### EXERCISE AIM:
What you produce should be the lines from the line containing "擇煙網(wǎng)為大家盤點" through the last line below, both ends included, reproduced exactly and without pictures.

### COLLECTED DATA:
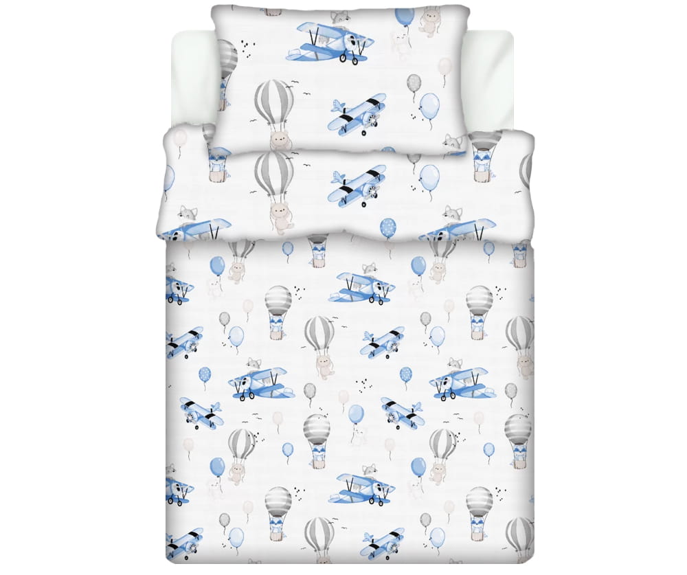 Pościel 100% BAWEŁNA Renforce DLA DZIECI | 135x100cm (poszwa) + 1x 40x60cm (poszewka) | Do łóżeczka, przedszkola, żłobka | Wykończenie satynowe | LIS W SAMOLOCIE NIEBIESKI
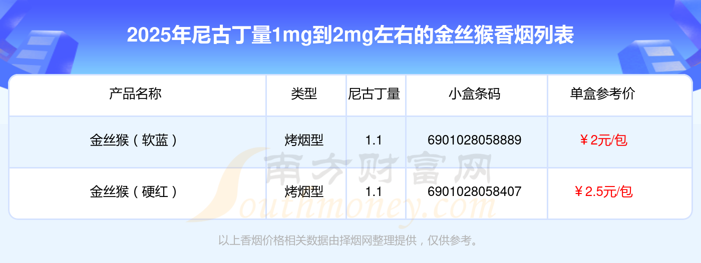 擇煙網(wǎng)為大家盤點了金絲猴香煙尼古丁量1mg到2mg左右的,分別有金絲猴(軟藍(lán))、金絲猴(硬紅)等,具體價格如下:
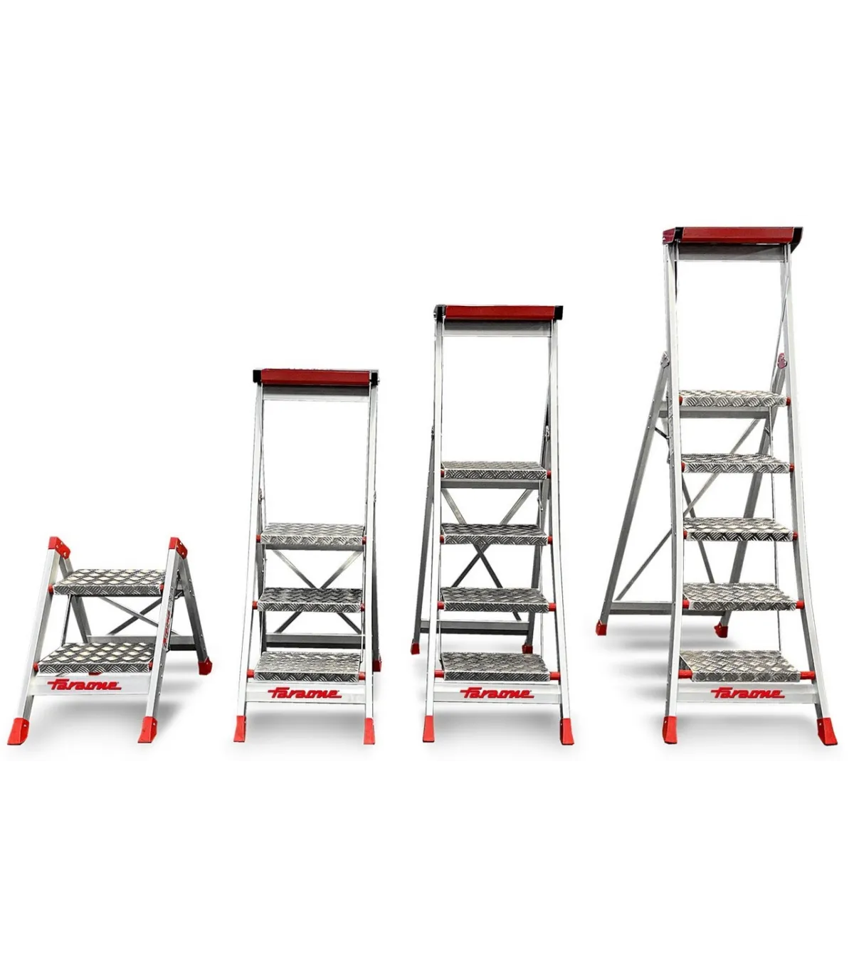 Taburete plegable, fácil de manejar, en aluminio anodizado y peldanos en acero inoxidable

### EXERCISE ANSWER:
 擇煙網(wǎng)為大家盤點了金絲猴香煙尼古丁量1mg到2mg左右的,分別有金絲猴(軟藍(lán))、金絲猴(硬紅)等,具體價格如下:
 Taburete plegable, fácil de manejar, en aluminio anodizado y peldanos en acero inoxidable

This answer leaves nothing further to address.